I fear you just don't get economics. By your own admission, it was never your thing. In a speech at Kim Il-sung University when famine first hit, you were quick to pass the buck: saying dad always told you to focus on the party and army, not the economy. Maybe you think it's like running a household: not men's work. So you scold officials for not working hard enough, or (menacingly) as not loyal enough.

You also have a science fixation, as if high-tech - and how will you afford it? - can solve everything. And yet a year ago, how you raised hopes! Times change, you said - and went off to Shanghai to see change in action: stock market, joint ventures, the lot. Then you came home and ... nothing. Just the same tired nonsense of speed-battles and fads: potatoes, ostriches, catfish. That won't work. Nor will one rumored misreading of Shanghai: Word is, you want to train more architects! But this isn't about big buildings. If it were, why would the 105-storey Ryugyong Hotel have been an unfinished shell on your skyline for over a decade? So wise up. You need capital; you need markets. Absent markets, you'll get no capital, nor would it work.

Or maybe you do get it - but vested interests are stopping you. You've hinted at that. In August 2000 you very frankly told some Southern visitors - talking about the ruling Workers' Party charter, which speaks of spreading communist revolution to the South - that "changing the platform is not easy. There are many senior party members who worked with the late president Kim Il-sung. If we change the charter many of these people must leave, and it would appear that I was purging them". You also said that the KWP's long overdue 7th Congress would be held that fall. It has yet to happen - which kind of makes your point.

Are you a free agent? Despite the rhetoric, I doubt it. We're into politics now, which is your other crux. Even with your dad's backing and in his lifetime, it wasn't easy to get KWP or KPA elders to accept this untried whippersnapper - with zero military background - as his successor. After he died in 1994, North Korean politics (or what passes for such) virtually shut down for four years. That's how long it took you to secure your position. But clearly you're still not ready to risk a full KWP Congress. Will you ever be?
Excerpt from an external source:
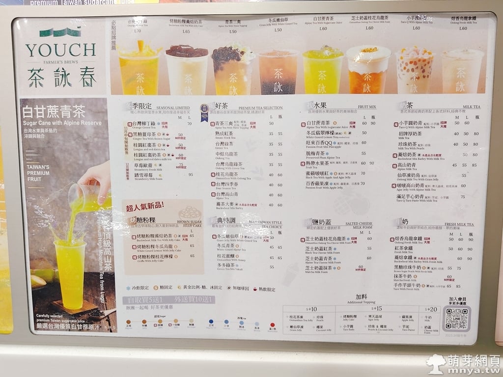 「茶詠春(楊梅埔心店)」位在中興路12號,埔心市區內。店家提供冬季限定、好茶、水果、奶茶、烤糖粉粿、經典特調、海鹽奶蓋和牛奶等飲品,可以自訂甜度(正常、半糖、微糖、一分糖、無糖)與冰度(正常、少冰、微冰、去冰、溫/熱),可加料,+10 元(桂花茶凍、珍珠、嫩仙草凍、椰果)、+15 元(烤糖粉粿、寒天晶球、蘋果凍、小芋圓、珍珠&椰果、芋泥)、+20 元(牛奶、奶蓋),選擇多,為一家連鎖手搖飲料店。有簡易內用空間,外帶為主。先付款 💸,可刷行動支付,有發票可存載具 🧾。現點現做,等候時間約 3 ~ 5 分鐘左右。

Yet in one field, you moved fast. Dad died at a delicate moment. Jimmy Carter took the nuclear crisis off the boil - and within three months the US and North Korea signed the Agreed Framework. So you passed your first diplomatic test with flying colors. But then it went wrong. Why fire that mad rocket over Japan in 1998? If you wanted to cut a missile deal, why dither till Clinton ran out of time? Above all, why hold a summit with the South and promise all sorts - reunions, rail links, a return summit - only to pull the plug and the rug out from under Kim Dae-jung? He was your best chance ever, but you blew it.

Now there's Bush and September 11 and a whole new ballgame. The old beggar-mugger ploy just won't wash any more: it may even get very dangerous. Yet if you'd just come in from the cold - for real, mind - you'd get helping hands from all sides. Political risk, sure - but far less than if you carry on as is, growling and armed to the teeth.

Do you really not get that, either? If so, be very afraid - and risk the fate of a man you remind me of: the emperor Nero, fiddling as Rome burned. "Qualis artifex pereo" (what an artist dies here!) were his last words. Don't let them be yours. Dare to change - and go down in history as a truly great Dear Leader.